Di saat aku masih berumur sekitar 9 tahunan ,aku sudah sering mengikuti acara-acara yang diadakan oleh desaku ketika perayaan 17 Agustus. Mulai dari lomba balap karung, sendok kelereng hingga yang inti yaitu panjat pinang. Di saat itu badanku masih kecil karena memang masih berumur 9 tahun sehingga aku pun merasa minder untuk mengikuti panjat pinang ini. Namun, ternyata aku malah diajak oleh seorang kakak yang sudah dewasa untuk ikut bergabung bersamanya. Setelah berpikir dan dibolehkan orang tua, aku pun ikut bergabung dengan tim kakak. Permainan ini dimulai dari pukul 9 pagi. Semua tim sudah berkumpul dan siap memulai permainan.

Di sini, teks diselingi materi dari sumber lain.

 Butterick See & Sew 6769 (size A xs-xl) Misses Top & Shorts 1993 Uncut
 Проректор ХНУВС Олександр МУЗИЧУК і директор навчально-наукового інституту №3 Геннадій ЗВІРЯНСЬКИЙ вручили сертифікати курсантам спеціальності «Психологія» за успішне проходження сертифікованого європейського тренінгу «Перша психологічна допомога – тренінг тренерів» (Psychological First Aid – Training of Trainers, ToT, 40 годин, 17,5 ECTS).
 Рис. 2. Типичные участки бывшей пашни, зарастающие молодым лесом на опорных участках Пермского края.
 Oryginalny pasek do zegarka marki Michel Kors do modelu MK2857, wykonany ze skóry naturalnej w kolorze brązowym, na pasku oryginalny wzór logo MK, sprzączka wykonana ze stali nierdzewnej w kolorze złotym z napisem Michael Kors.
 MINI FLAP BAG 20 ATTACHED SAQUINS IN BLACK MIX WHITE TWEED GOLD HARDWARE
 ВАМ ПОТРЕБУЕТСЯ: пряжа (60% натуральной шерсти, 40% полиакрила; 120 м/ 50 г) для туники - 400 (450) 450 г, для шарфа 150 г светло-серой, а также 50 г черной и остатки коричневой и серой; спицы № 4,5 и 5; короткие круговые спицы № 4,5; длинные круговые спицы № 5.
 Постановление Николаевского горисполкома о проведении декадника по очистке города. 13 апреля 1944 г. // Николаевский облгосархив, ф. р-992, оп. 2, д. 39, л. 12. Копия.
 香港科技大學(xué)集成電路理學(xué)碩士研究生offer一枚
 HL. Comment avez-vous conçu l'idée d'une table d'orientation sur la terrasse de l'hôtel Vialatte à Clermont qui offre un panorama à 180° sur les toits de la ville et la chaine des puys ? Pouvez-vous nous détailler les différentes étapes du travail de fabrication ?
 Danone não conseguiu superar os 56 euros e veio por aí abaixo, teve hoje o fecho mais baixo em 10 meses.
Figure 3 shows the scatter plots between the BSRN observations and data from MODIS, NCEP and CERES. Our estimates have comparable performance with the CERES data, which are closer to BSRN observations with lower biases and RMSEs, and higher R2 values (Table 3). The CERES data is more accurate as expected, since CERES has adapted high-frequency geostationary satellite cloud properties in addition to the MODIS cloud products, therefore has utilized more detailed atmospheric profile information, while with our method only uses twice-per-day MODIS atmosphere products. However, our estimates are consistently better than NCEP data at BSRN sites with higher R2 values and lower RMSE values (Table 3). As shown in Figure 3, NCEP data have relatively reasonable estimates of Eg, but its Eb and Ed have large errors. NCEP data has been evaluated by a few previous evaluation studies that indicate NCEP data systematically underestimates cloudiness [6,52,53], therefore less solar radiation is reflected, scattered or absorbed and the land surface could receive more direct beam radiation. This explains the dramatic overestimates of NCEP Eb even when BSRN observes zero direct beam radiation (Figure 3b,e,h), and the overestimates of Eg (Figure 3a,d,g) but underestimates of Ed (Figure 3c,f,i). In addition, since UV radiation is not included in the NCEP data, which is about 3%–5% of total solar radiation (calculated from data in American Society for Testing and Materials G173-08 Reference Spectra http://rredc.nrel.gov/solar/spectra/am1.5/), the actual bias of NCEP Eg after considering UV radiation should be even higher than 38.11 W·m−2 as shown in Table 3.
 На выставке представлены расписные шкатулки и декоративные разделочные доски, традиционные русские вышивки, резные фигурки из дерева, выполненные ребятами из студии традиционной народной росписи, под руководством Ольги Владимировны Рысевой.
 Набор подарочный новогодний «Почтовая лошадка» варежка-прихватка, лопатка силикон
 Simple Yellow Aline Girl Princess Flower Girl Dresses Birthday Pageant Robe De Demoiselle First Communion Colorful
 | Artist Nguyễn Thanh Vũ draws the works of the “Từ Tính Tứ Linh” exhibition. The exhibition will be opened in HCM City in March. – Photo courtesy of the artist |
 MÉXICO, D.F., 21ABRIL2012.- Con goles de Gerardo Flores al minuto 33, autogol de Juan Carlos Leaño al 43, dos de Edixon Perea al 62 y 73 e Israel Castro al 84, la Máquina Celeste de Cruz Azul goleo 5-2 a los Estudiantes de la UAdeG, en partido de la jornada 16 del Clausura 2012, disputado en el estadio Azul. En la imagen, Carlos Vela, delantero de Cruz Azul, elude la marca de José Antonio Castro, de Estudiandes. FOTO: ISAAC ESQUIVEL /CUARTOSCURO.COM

Akhirnya permainan pun di mulai. Setiap tim di beri waktu 5 menit untuk berusaha memanjat pohon pinang yang telah dilumuri oleh oli tersebut. Jika belum berhasil maka diganti dengan tim selanjutnya.akhirnya tim aku pun mendapatkan giliran.kami bersemangat dan terus berusaha untuk saling bahu-membahu agar bisa mencapai puncak pohon pinang tersebut. Tidak sedikit dari kami yang terjatuh dan bergulingan karena tergelincir akibat oli tersebut. Permainan terus berjalan dan belum satupun tim yang bisa mencapai puncak. Kami masih berusaha menipiskan oli tersebut sehigga mengurangi licin ketika kami berusaha memanjat. Namun kami masih tetap gagal.  Begitu juga dengan tim yang lainnya.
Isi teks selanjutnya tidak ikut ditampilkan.